Jessen (p. 547) expresses himself in very decided terms:

"Moreover, we must not lose sight of the fact, hitherto little heeded, that in the investigation and interpretation of coherent and logical dreams we almost always take liberties with the truth when we recall a dream to memory. Unconsciously and unintentionally we fill up the gaps and supplement the dream-images. Rarely, and perhaps never, has a connected dream been as connected as it appears to us in memory. Even the most truth-loving person can hardly relate a dream without exaggerating and embellishing it in some degree. The human mind so greatly tends to perceive everything in a connected form that it intentionally supplies the missing links in any dream which is in some degree incoherent."

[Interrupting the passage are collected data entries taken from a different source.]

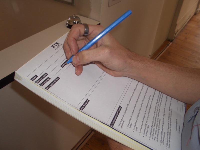 FIX consisted of a repair counter installed at CLUBSproject Inc. manned by a team of enthusiastic volunteers (Carly Fischer, Jophes Fleming, Starlie Giekie, Susan Jacobs, Marcus Keating and myself). The FIX team accepted objects for repair from exhibition visitors. Objects ‘fixed’ included an IKEA foot stool, a MatchBox car, and a desk lamp.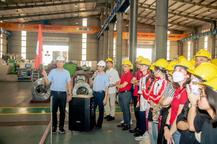 Thông qua chương trình trải nghiệm thực tế, sinh viên có cơ hội được tham quan doanh nghiệp, tìm hiểu sản phẩm, qui trình sản xuất. Công ty thép Nhật Quang lựa chọn công nghệ và thiết bị sản xuất tiên tiến, thân thiện với môi trường để cung cấp sản phẩm chất lượng cao, đáp ứng tiêu chí “zero defect” và được ứng dụng trong các lĩnh vực như cơ khí chế tạo, giao thông vận tải và kết cấu xây dựng. Ngoài việc bán sản phẩm ở thị trường nội địa, đến nay, thép Nhật Quang đã xuất khẩu đến nhiều nước như Mỹ, Nhật Bản, Úc, Canada, Hồng Kông… và gia nhập chuỗi cung ứng của các tập đoàn như GE, Canon và Honda. Đặc biệt, sinh viên của Nhà trường được tham quan khu nội trú của nhà máy và trải nghiệm bữa ăn công nghiệp cùng với CBNV của Công ty. Điểm thú vị là trong 24 năm qua kể từ khi thành lập, thép Nhật Quang đã có một số cặp vợ chồng nên duyên tại đây và đều được Công ty bố trí nhà ở. Các em bé được sinh ra và lớn lên tại đây giờ tiếp tục làm việc cho Nhật Quang.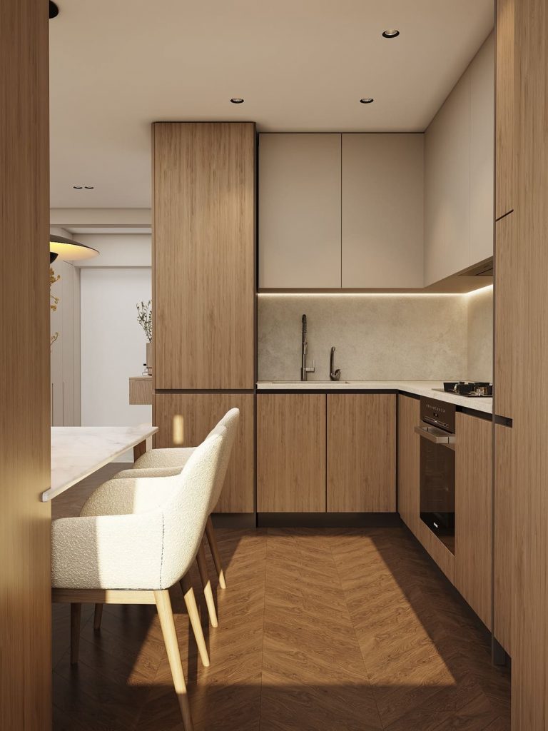 Кухня выполнена в лаконичной L-образной планировке: шкафы до потолка, продуманное хранение и скрытая техника. Рабочая зона подсвечена тёплым светом, а материалы выбраны практичные и долговечные. Благодаря нейтральным фасадам кухня не выбивается из общей композиции, оставаясь частью единого пространства.

The observations of V. Eggers, though of course independently conceived, read almost like a translation of Jessen's words:

"...L'observation des reves a ses difficultes speciales et le seul moyen d'eviter toute erreur en pareille matiere est de confier au papier sans le moindre retard ce que l'on vient d'eprouver et de remarquer; sinon, l'oubli vient vite ou total ou partiel; l'oubli total est sans gravite; mais l'oubli partiel est perfide: car si l'on se met ensuite a raconter ce que l'on n'a pas oublie, on est expose a completer par imagination les fragments incoherents et disjoints fourni par la memoire... on devient artiste a son insu, et le recit, periodiquement repete s'impose a la creance de son auteur, qui, de bonne foi, le presente comme un fait authentique, dument etabli selon les bonnes methodes...." *

* ...The observation of dreams has its special difficulties, and the only way to avoid all error in such matter is to put on paper without the least delay what has just been experienced and noticed; otherwise, totally or partially the dream is quickly forgotten; total forgetting is without seriousness; but partial forgetting is treacherous: for, if one then starts to recount what has not been forgotten, one is likely to supplement from the imagination the incoherent and disjointed fragments provided by the memory.... unconsciously one becomes an artist, and the story, repeated from time to time, imposes itself on the belief of its author, who, in good faith, tells it as authentic fact, regularly established according to proper methods....

Similarly Spitta, who seems to think that it is only in the attempt to reproduce the dream that we bring order and arrangement into loosely associated dream-elements- "turning juxtaposition into concatenation; that is, adding the process of logical connection which is absent in the dream."

Since we can test the reliability of our memory only by objective means, and since such a test is impossible in the case of dreams, which are our own personal experience, and for which we know no other source than our memory, what value do our recollections of our dreams possess?